I have no axe to grind on the issue, neither do I have sufficient expertise to assess and comment on any particular theory. The book I read I chose simply for its title and without knowing what its position was. In fact it covered all the theories without expressing a preference.

A combination of archaeology, anthropology and genetics may be able to provide reasonable evidence that a certain group of people were at one time in one place and later in another. Historical linguistics may be able to make a contribution which appears to confirm what archaeology, anthropology and genetics are saying, but confirmation bias is a real danger, quite apart from the fact that the material available to historical linguists is incomplete and open to varying interpretations. The most basic point is if group A speaking language X moved into an area peopled by group B speaking language Y, we cannot be certain if group A ended up speaking language Y or group B ended up speaking language X, or if both groups ended up speaking some sort of a mixture of the two languages.

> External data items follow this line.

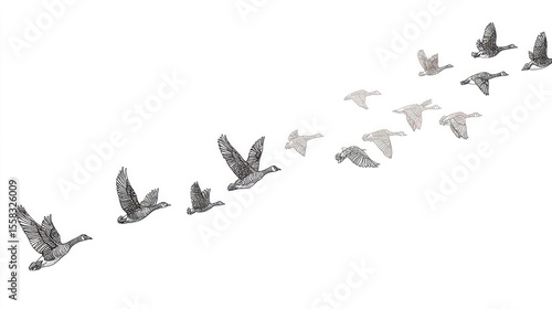 A flock of geese in flight
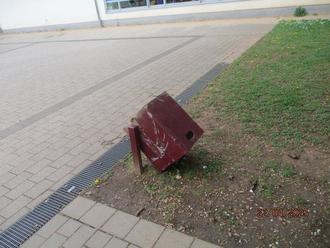 Ein aus der Verankerung gerissener/getretener Mülleimer
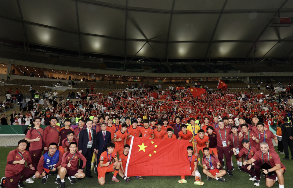 随后,中国队的球员们背对看台,和看台上的数百名球迷一起拍下了一张大合影。大伙儿挥舞国旗,感谢球员们在场上努力拼搏并创造了历史。
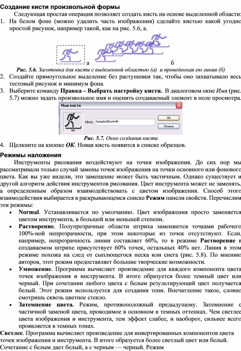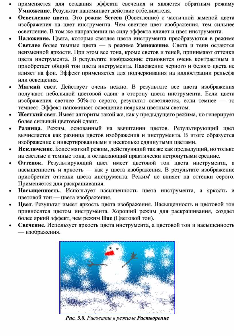 Инструменты рисования воздействуют на точки изображения. До сих пор мы рассматривали только случай замены точек изображения на точки основного или фонового цвета. Как вы уже видели, это замещение может быть частичным. Однако существует и другой алгоритм действия инструментов рисования. Цвет инструмента может не заменять, а определенным образом взаимодействовать с цветом изображения. Способ этого взаимодействия выбирается в раскрывающемся списке Режим панели свойств. Перечислим эти режимы:
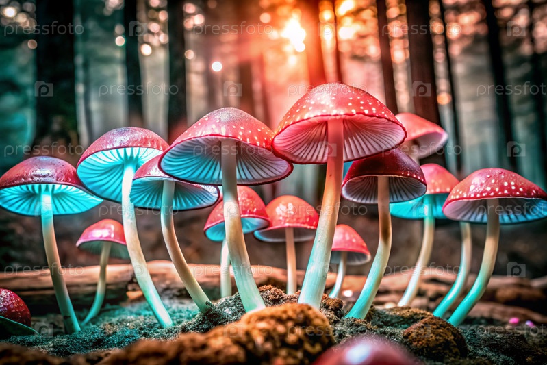 Ядовитые грибы. Жабы. Галлюциногенные грибы. Светящиеся грибы. Изображение для иллюстрации тем, связанных с природой, фантазией, сказками и магией
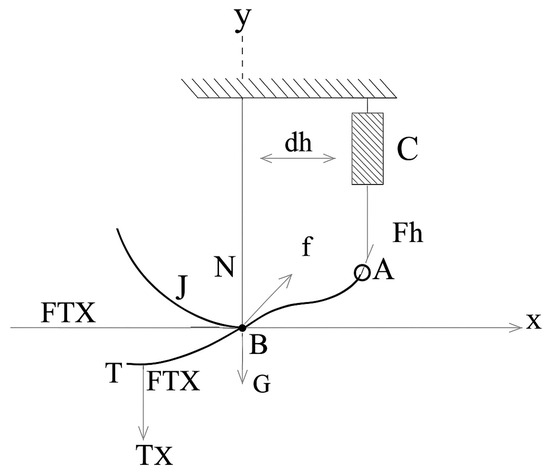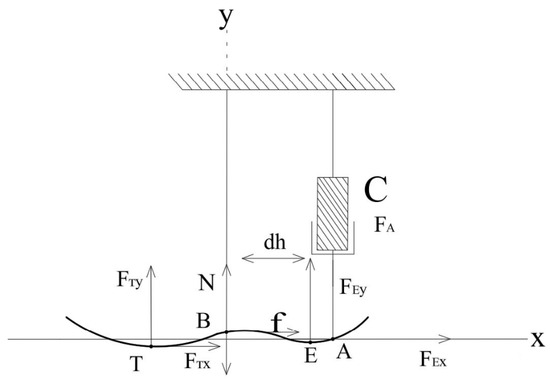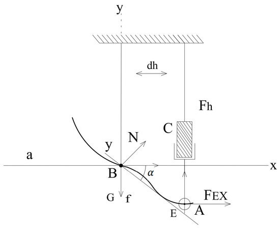 The trajectory of motion between points A and B is shown. Point C represents the element applying the load to the exoskeleton, while M denotes the motor. This schematic illustrates the required motor force and geometric constraints necessary to follow the specified trajectory.
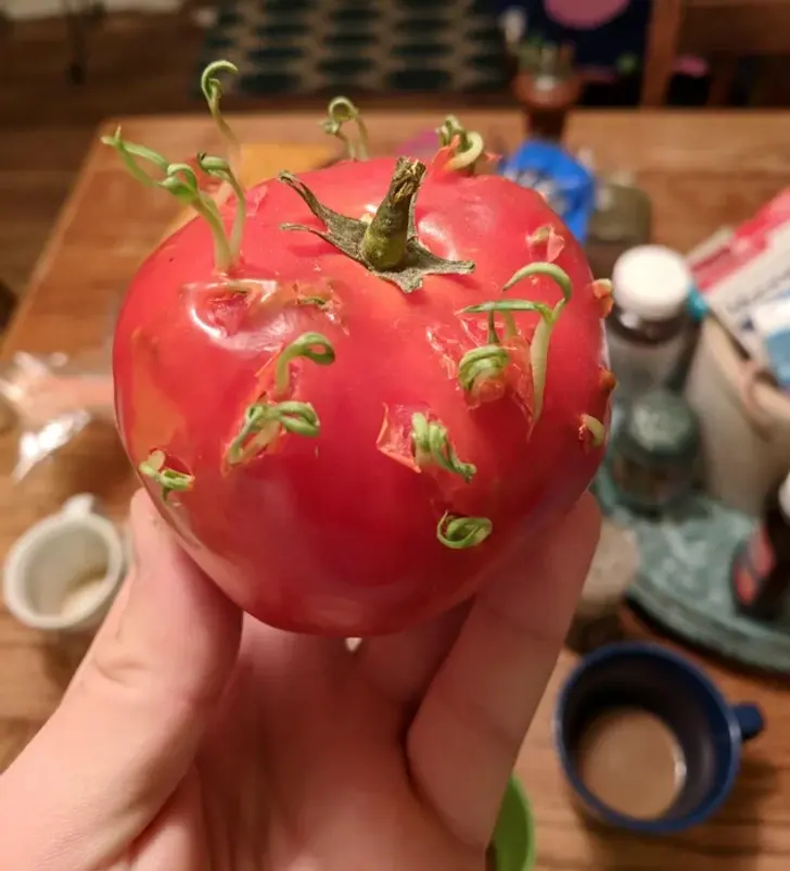 8. ต้นอ่อนมะเขือเทศที่เริ่มงอกออกมาจากเมล็ดด้านในของผลมะเขือเทศ
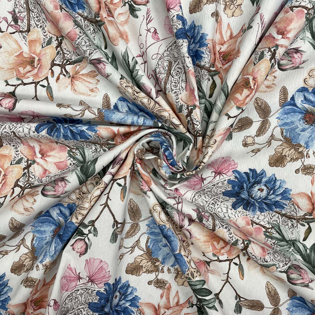 Tessuto Misto Cotone per arredo a fantasia motivo floreale rosa – bianco – azzurro – verde
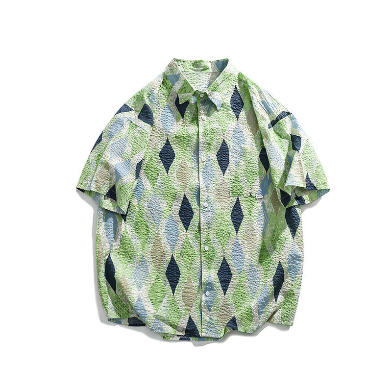 Men T Shitrs Diamond Lattice Color Matching Printing Lapel
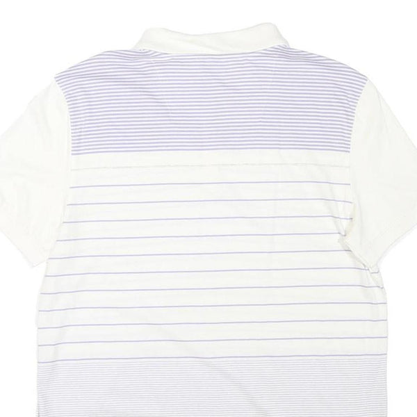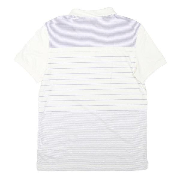 CALVIN KLEIN Mens White & Lilac Striped Polo Shirt M Cotton Blend Short Sleeve
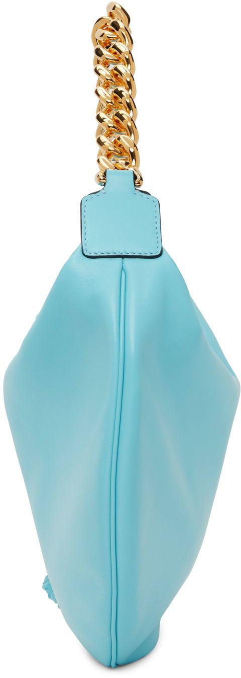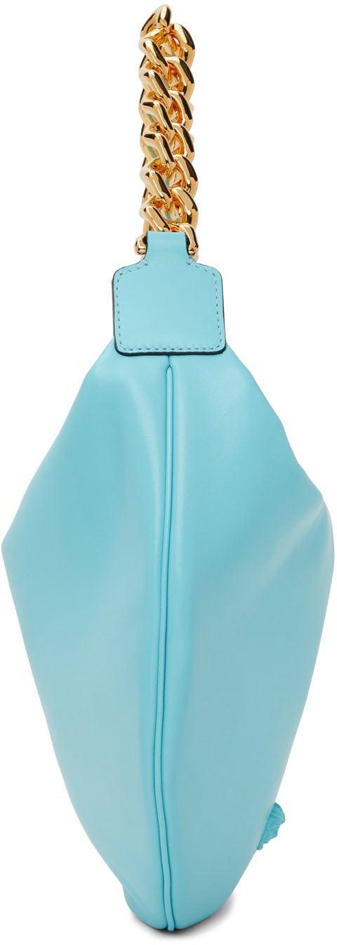 Nappa leather shoulder bag in blue. Burnished edges in black throughout. Fixed curb chain shoulder strap. Signature Medusa hardware at face. Gold-tone logo stamp at back face. Zip closure. Gold-tone logo stamp at interior. Tonal nappa leather lining. Blue and gold-tone hardware. Approx. 14 length x 11 height x 1 width. Supplier color: Blue Leather. Brand: Versace
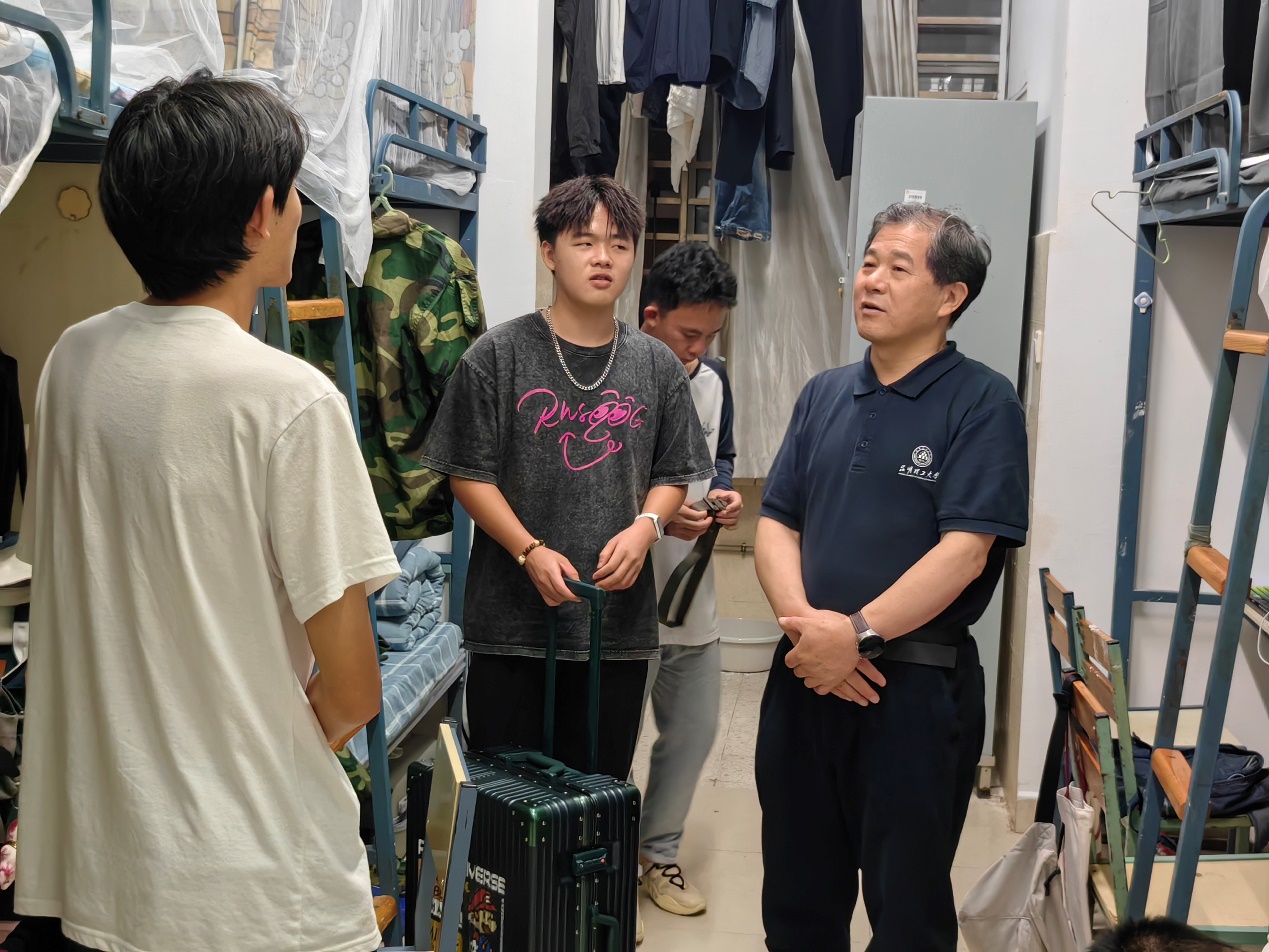8月19日晚,校长王华带队到学生宿舍走访看望杏吧原创
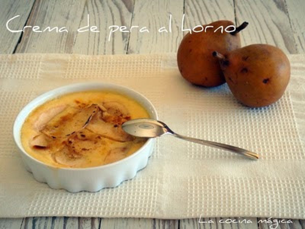 Crema de pera al horno AnteriorSiguiente PostreMedio35 min579 Kcal Enviar esta receta a un amigo Imprimir esta página Preguntar al autor Publicar la foto de esta receta Ingredientes 4 2 yemas de huevo 1 huevo entero 500 ml de nata líquida 100 g de azúcar blanquilla 2 peras cortadas en finas rodajas 1 cucharadita de extracto de vainilla líquida Nuez moscada recién molida para espolvorear Costo estimado: 3.67Euros€ (0.92€/porción)
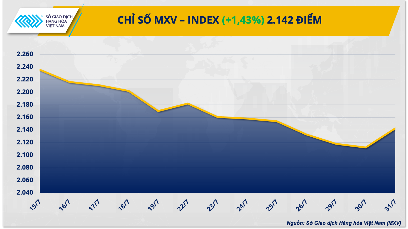 Theo Sở Giao dịch Hàng hóa Việt Nam (MXV), đóng cửa hôm qua (31/7), giá hàng hóa nguyên liệu thế giới đã lấy lại sắc xanh. Trong đó, trên thị trường kim loại và năng lượng, giá các mặt hàng đồng loạt đi lên. Chỉ số MXV-Index bật tăng 1,43% lên 2.142 điểm, chấm dứt nhiều phiên giảm liên tiếp trong tuần cuối tháng 7.
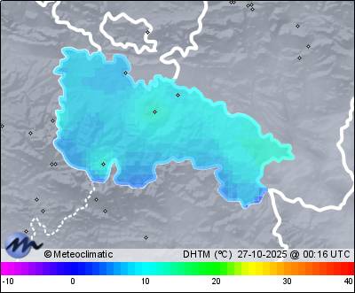 | 26-10-2025 | | | Máx. | Mín. | | | Temperatura | 10,6 | 6,4 | °C | | Humedad | 93 | 70 | % | | Viento | 32 | n/a | km/h | | Presión | 1.025 | 1.018 | hPa | | Precipitación | 0,2 | mm |

Historical linguists saw that languages spoken across Europe and parts of Asia were related and formulated PIE. The actual language (as opposed to the reconstruction) must have been spoken by someone and since it was not known exactly who they were they were designated  "Indo-Europeans". That is why it it is certain that Indo-Europeans spoke Indo-European! A consideration of the reconstructed language and known Indo-European languages led to speculation about where they started out. It may be concluded after such consideration what animals the Indo-Europeans domesticated, what trees grew round about and that they had the wheel, but the conclusion cannot be more than a hypothesis.

There can only be some degree of certainty about who spoke what, where and when with advent of writing.